CPU, GPU, NPU and TPU - The Real Differences for AI/ML

CPU (Central Processing Unit) The classic processor in every computer. CPUs can run any software, including AI models, but are slower for deep learning due to fewer parallel cores. Best for:

Traditional machine learning (scikit-learn, XGBoost)
Running small models or prototypes
General-purpose tasks and light inference

GPU (Graphics Processing Unit) GPUs are built for parallel processing. They are the backbone of modern deep learning, perfect for training and inference of models like CNNs, RNNs, and transformers (GPT, BERT, ResNet). Best for:

Training and running large deep learning models
Supported by all major AI libraries
Flexible for many AI workloads

NPU (Neural Processing Unit) NPUs are specialised chips designed only for neural network operations, often embedded in smartphones and IoT devices. They run efficient models for vision, speech, and edge AI. Best for:

On-device, real-time AI (face unlock, language translation)
Battery-friendly AI in mobile and IoT
Lightweight, efficient models

TPU (Tensor Processing Unit) TPUs are Google’s custom AI accelerators, tuned for TensorFlow and massive neural networks. Ideal for training and deploying large models at cloud scale. Best for:

Scalable deep learning in Google Cloud
Training and inference for big models (BERT, GPT-2, EfficientNet)
High-speed tensor calculations
1. Which AI models run on each? CPU: Any model, but best for classical ML, prototyping, and small-scale inference GPU: All deep learning models (CNNs, RNNs, transformers) NPU: Optimised mobile and edge models (MobileNet, tiny BERT) TPU: Large-scale neural networks in TensorFlow

Note DPUs (Data Processing Units): DPUs don’t run AI models directly, but they play a key role in modern AI infrastructure. They accelerate data movement, networking, and storage, freeing up CPUs and GPUs for computation making large-scale AI systems faster and more efficient.

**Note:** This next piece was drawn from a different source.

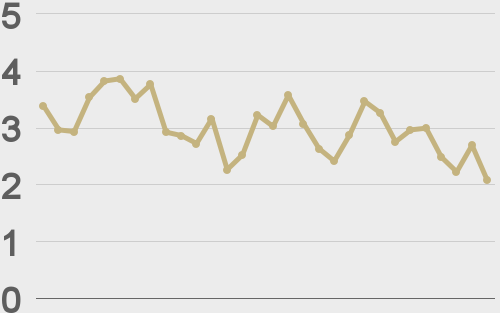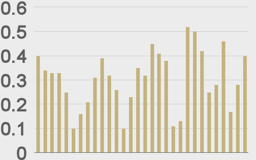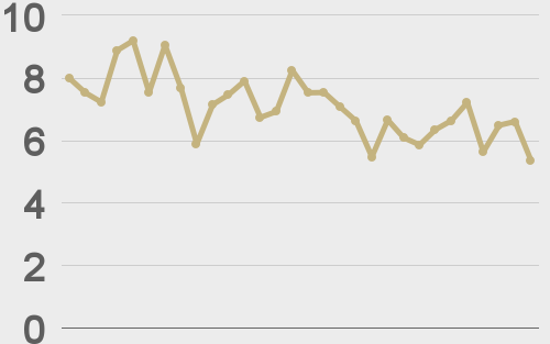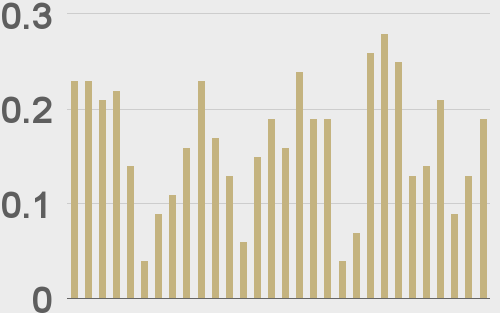 LMAX Digital volumes put in a healthy performance on Tuesday. Total notional volume for Tuesday came in at $398 million, 30% above 30-day average volume. Bitcoin volume printed $190 million on Tuesday, 15% above 30-day average volume. Ether volume came in at $129 million, 39% above 30-day average volume. Looking at average position size over the past 30 days, we’re seeing average bitcoin position size at $6,921 and average position size for ether at 2,924. Volatility is showing signs of wanting to pick back up in recent sessions after trading down to the lowest levels since earlier this year. We’re looking at average daily ranges in bitcoin and ether of $814 and $55 respectively. |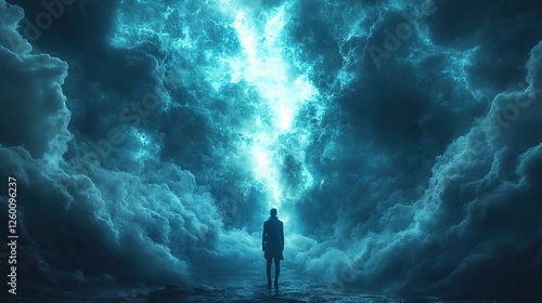 facing my faith conceptual image of a man standing in the middle of a stormy sky looking at the light

What is Parallel Processing ? What is parallel programming on GPU ?
Parallel transfer of data from CPU to GPU for computation using Cuda(C/C++) programming language

Story of School Team Work to Parallel Computing : Everyone have attended the school from their childhood to the Pre-College, Therefore Let’s Imagine a school with several classrooms. Each classroom is different—some bigger, some smaller, depending on what the school can afford, but every classroom is filled with students waiting for assignments.

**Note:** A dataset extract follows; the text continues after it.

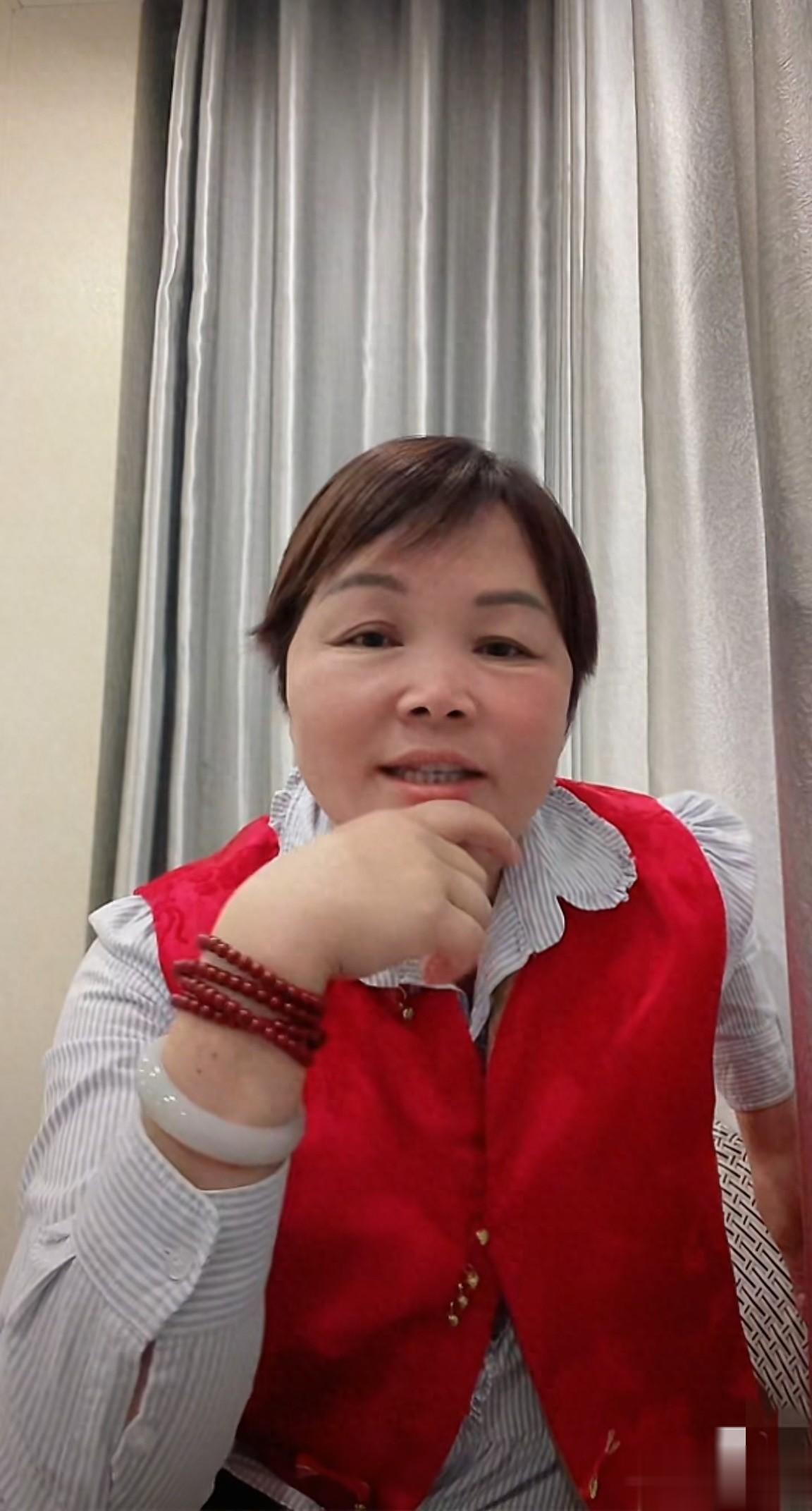 叶锐聪妈妈的红马甲。刚开始东姐没有加那件红马甲,她穿着一件竖条纹的衬衣在直播,可是播着播着她说扣子开了。

Now, there’s a large pile of tasks that needs to be handled. Rule number one: no single classroom is allowed more than 1,024 tasks at any time. The work in each classroom happens differently, too—not every student tackles their own task immediately on their own.

Inside each classroom, tasks are handed out in special groups known as warps. Each warp is like a tight-knit team of students—32 of them move in perfect coordination, all working on their assigned tasks together, step by step without falling out of lockstep (everyone on the team does the same thing at the same time, or they wait for those who aren’t done yet).

At any moment, within a classroom, the number of tasks being actively worked on equals 32 times the number of warps that classroom can support. If, for instance, every classroom has 4 warps, then 128 (32 x 4) tasks are being processed at once in that classroom. Multiply that by the number of classrooms you have in the school: for N classrooms, a total of 32 x number of warps x N tasks are being worked on at the same moment.

The team size in each classroom (the number of warps) depends on how fancy or advanced your school is—that is, what kind of computer you have. So as more classrooms join, and each classroom handles more warps, the whole school can get through that mountain of tasks much, much faster.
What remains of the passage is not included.